[rq1]

What core type theory is C3 actually built on?

The blog claims that @pool "solves memory lifetimes with scopes" yet it looks like a classic region/arena allocator that frees everything at the end of a lexical block… a technique that’s been around for decades.

Where do affine or linear guarantees come in?

From the examples I don’t see any restrictions on aliasing or on moving data between pools, so how are use‑after‑free bugs prevented once a pointer escapes its region?

And the line about having "solved memory management" for total functions::: bravo indeed…

Could you show a non‑trivial case where @pool eliminates a leak that an ordinary arena allocator wouldn’t?

Could you show a non‑trivial case, say, a multithreaded game loop where entities span multiple frames, or a high‑throughput server that streams chunked responses, where @pool prevents leaks that a plain arena allocator would not?

[sirwhinesalot]

It is unfortunate that the title mentions borrow checking which doesn't actually have anything to do with the idea presented. "Forget RAII" would have made more sense.

This doesn't actually do any compile-time checks (it could, but it doesn't).

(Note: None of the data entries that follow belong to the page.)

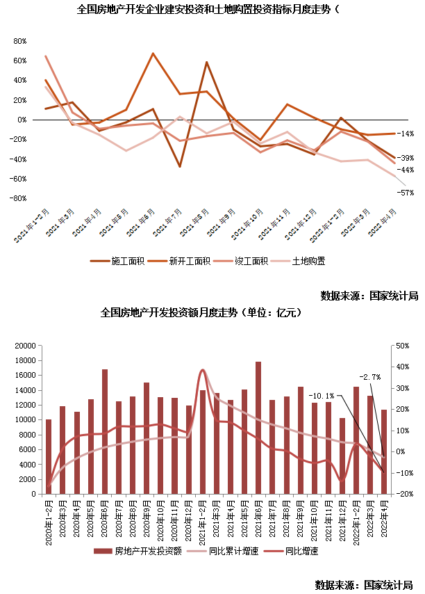 全國(guó)房地產(chǎn)企業(yè)房屋施工、新開工、竣工三個(gè)不同階段規(guī)模指標(biāo)均創(chuàng)史低,增速大降的主要原因在于疫情管控極大影響了項(xiàng)目施工強(qiáng)度。新開工項(xiàng)目難以做到“應(yīng)開盡開”、在建項(xiàng)目頻遭停工、竣工項(xiàng)目也無(wú)法如期竣工。此外由于房地產(chǎn)業(yè)和建筑業(yè)信心受挫,新開工和竣工規(guī)模更是一降再降。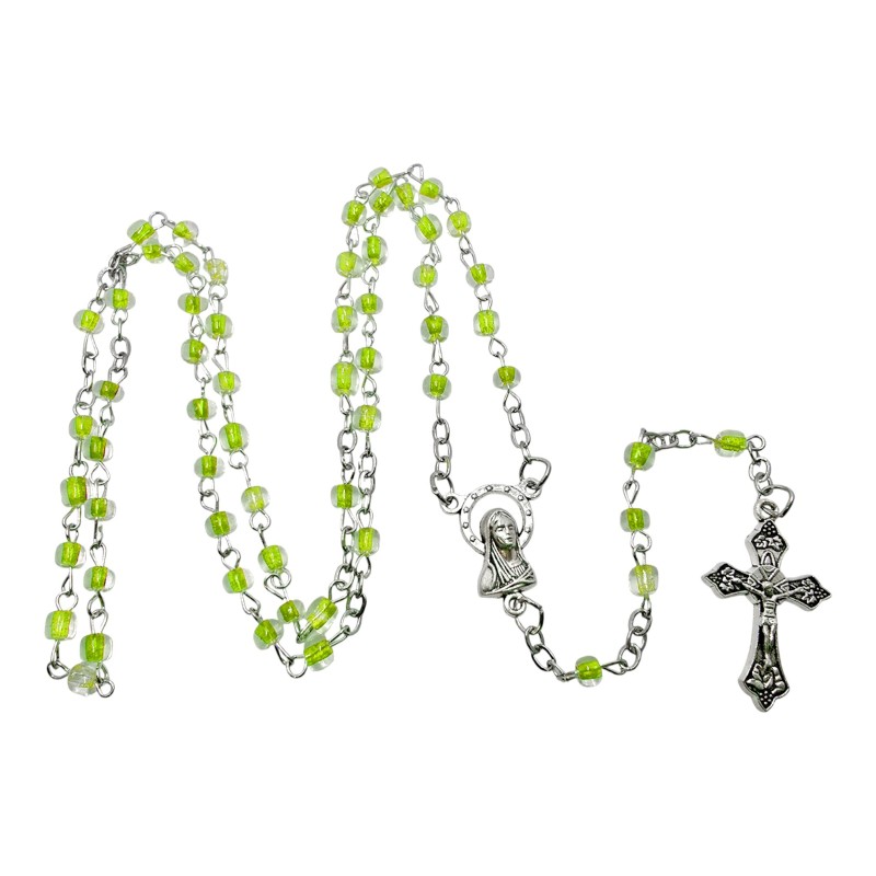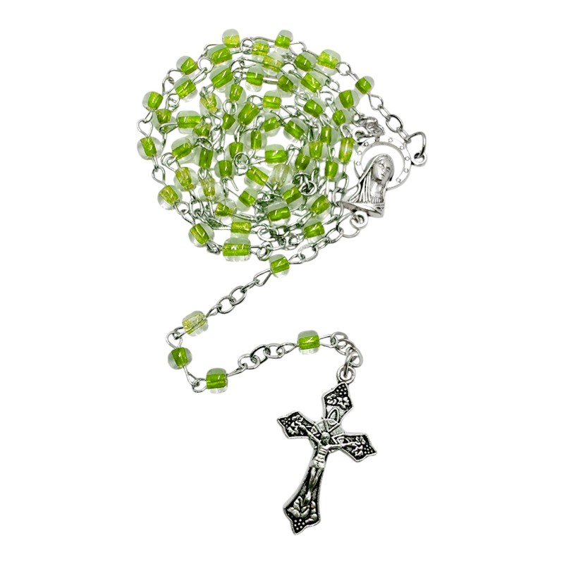 Koraliki różańca wykonane są z przeźroczystego plastiku, w którego środek ma żywy, zielony kolor. Takie połączenie nadaje im wyjątkowej elegancji i atrakcyjnego efektu wizualnego. Koraliki mają około 4 mm wielkości.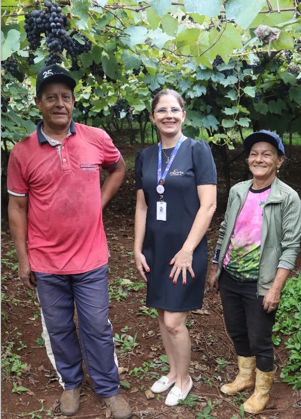 Foi através do facebook que Pierina conheceu a Crecerto. A boa impressão virou parceria — e investimento. “Nós fizemos um parreiral com a uva Carmen. Deu tanta uva que a estrutura não aguentou, caiu. Com o crédito, nós compramos palanques bem fortes e conseguimos consertar a parreira”, conta, com naturalidade de quem encara os desafios sem perder o bom humor.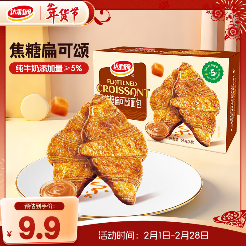 【京东商城】【食品保健】达利园焦糖扁可颂面包108g独立包装休闲零食充饥早餐开袋即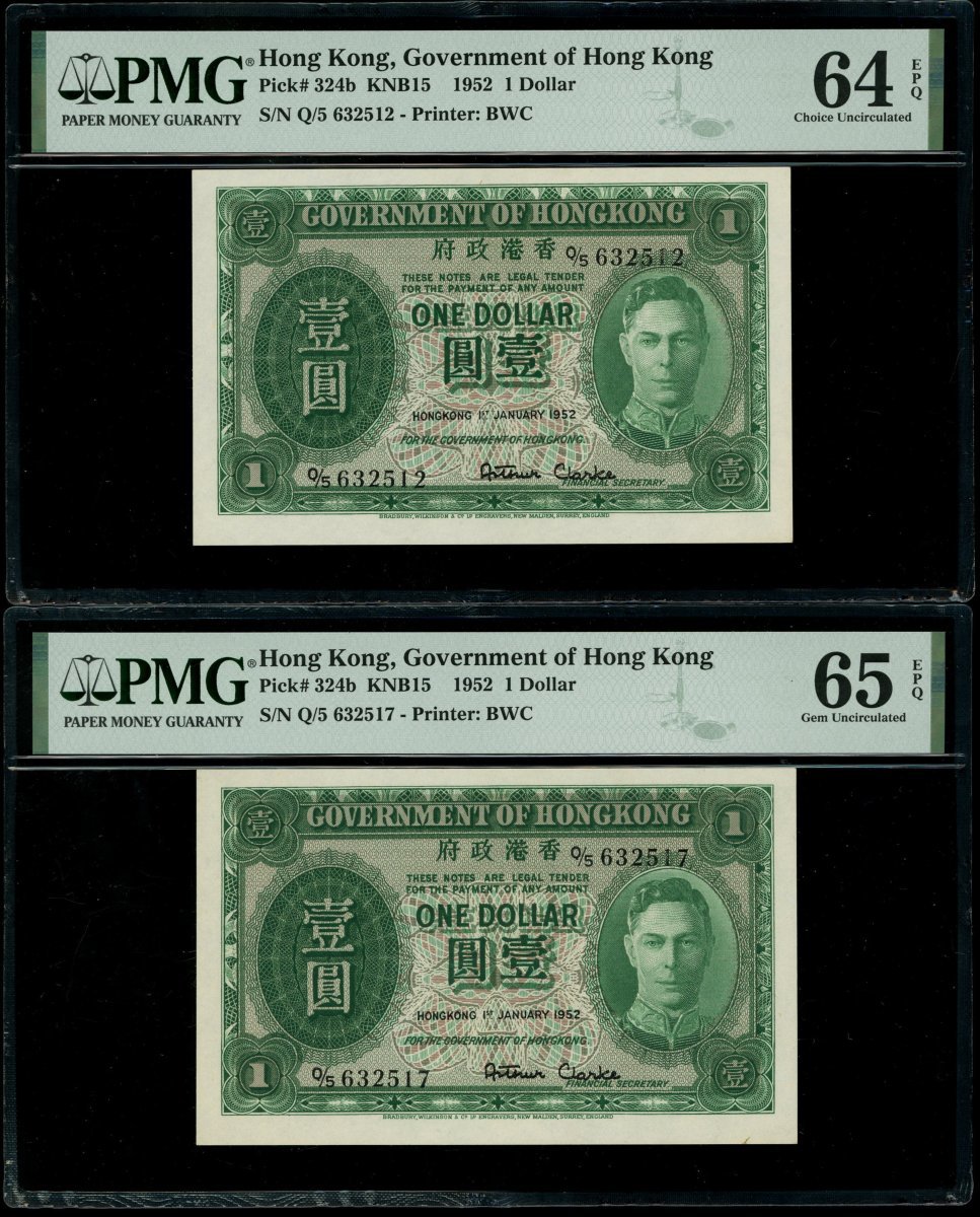 Government of Hong Kong, a pair of $1, 1.1.1952, serial numbers Q/5 632512 and 517 (Pick 324b), graded PMG 64EPQ and 65EPQ respectively (2).

It will do runtime checks on supported platforms by using page protection features eventually, but that's not really the goal.

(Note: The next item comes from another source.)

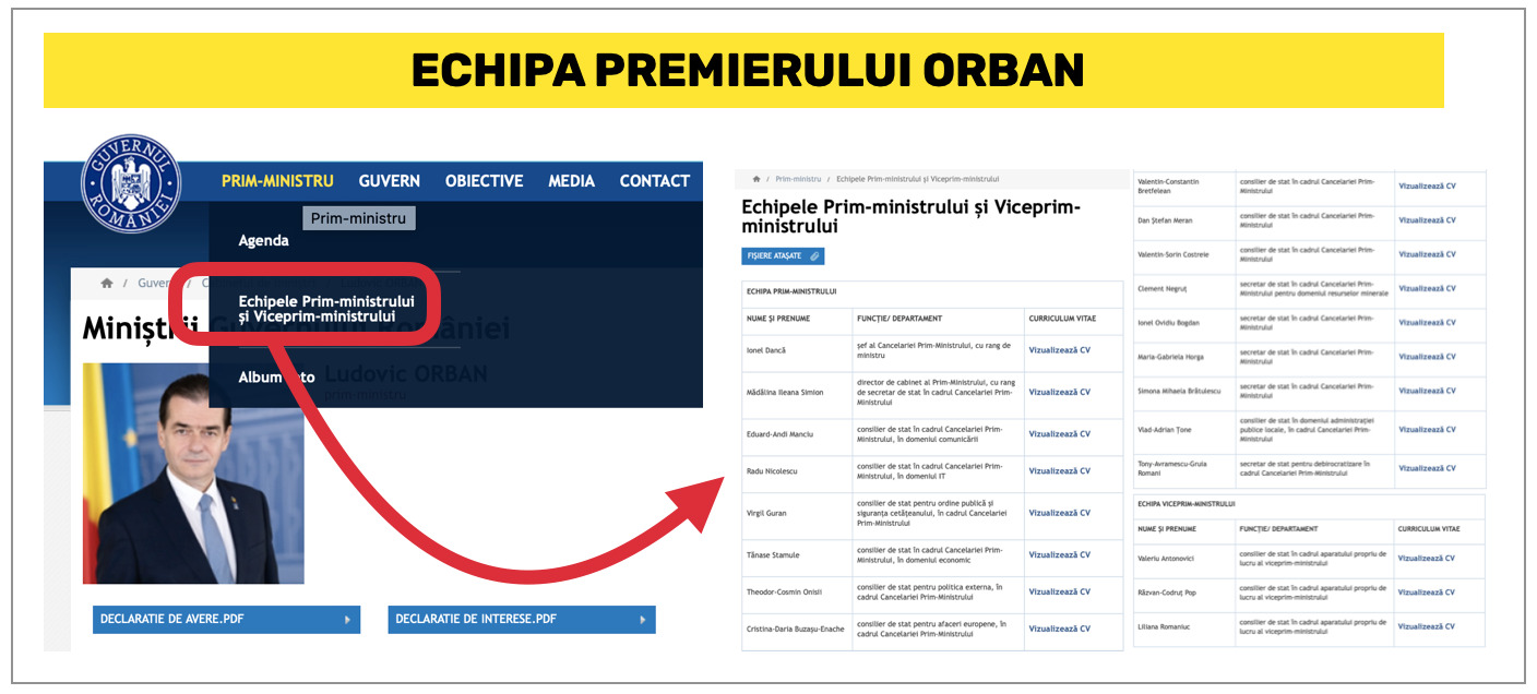 L-am contactat pe vicepremierul Dan Barna și l-am întrebat unde putem găsi date despre oamenii din echipa sa – nume, CV-uri și declarații de avere. Dan Barna a spus că aceste informații au fost depuse de cei din echipa sa la Secretariatul General al Guvernului și că probabil urmează să devină publice. Nu a putut preciza, însă, cum anume vor deveni publice.

The goal is actually extremely simple: make working with temporary data very easy, which is where most memory management messes happen in C.

The main difference between this and a typical arena allocator is the clearly scoped nature of it in the language. Temporary data that is local to the function is allocated in a new @pool scope. Temporary data that is returned to the caller is allocated in the parent @pool scope.

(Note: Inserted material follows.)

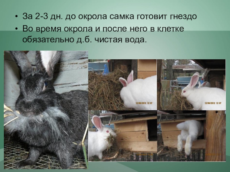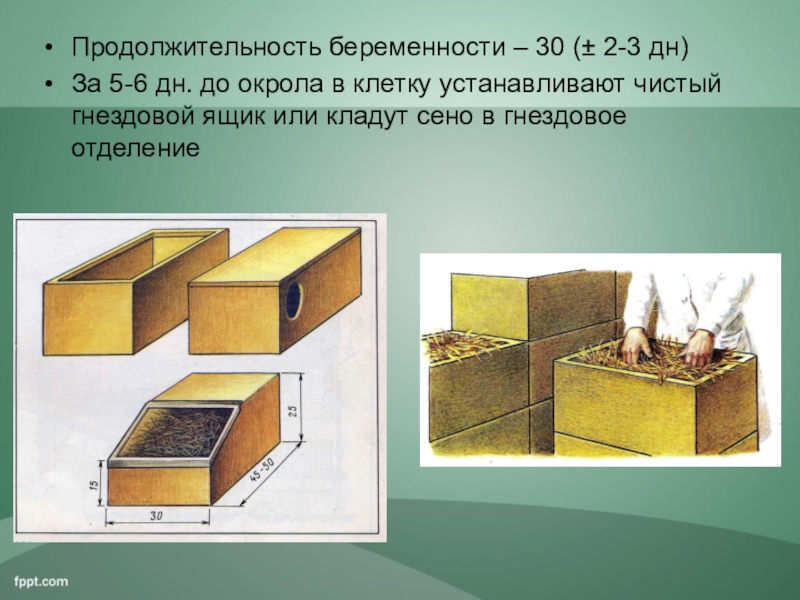 Слайд 5За 2-3 дн. до окрола самка готовит гнездо

Personally I don't like the precise way this works too much because the decision of whether returned data is temporary or not should be the responsibility of the caller, not the callee. I'm guessing it is possible to set the temp allocator to point to the global allocator to work around this, but the callee will still be grabbing the parent "temp" scope which is just wrong to me.

[Sesse__]

> "Forget RAII" would have made more sense.

For memory only, which is one of the simplest kinds of resource. What about file descriptors? Graphics objects? Locks? RAII can keep track of all of those. (So does refcounting, too, but tracing GC usually not.)

[sirwhinesalot]

You deal with those the same way you deal with them in any language without RAII, some sort of try-with-resource block or defer.

Not making a value judgment if that is better or worse than RAII, just pointing out that resources of different kinds don't have to be handled by the same mechanism. This blog post is about memory management in C3. Other resource management is already handled by defer.

[Sesse__]

Why would you treat the two differently, though? What benefit does it bring? (defer is such an ugly, manual solution in general; it becomes very cumbersome once you may want to give control of the resource to anyone else.)

[sirwhinesalot]

Well, the answer is obvious in garbage collected languages: because a GC excels at managing memory but sucks at managing other resources.

Here, the answer is that ownership semantics are disliked by the language designer (doesn't fit the design goals), so they're not in the language.

[pjmlp]

Not really obvious, given that there are garbage collected languages with RAII, like D, to quote one example.

And even stuff like try/using/with can be made RAII alike, via static analysis, which defer like approaches usually can't, because it can be any expression type, unlike those other approaches that rely on specific interfaces/magic methods being present, thus can be tracked via the type system.

So it can be turned into a compiler error if such tagged type doesn't escape lexical scope without calling the respective try/using/with on the variable declaration.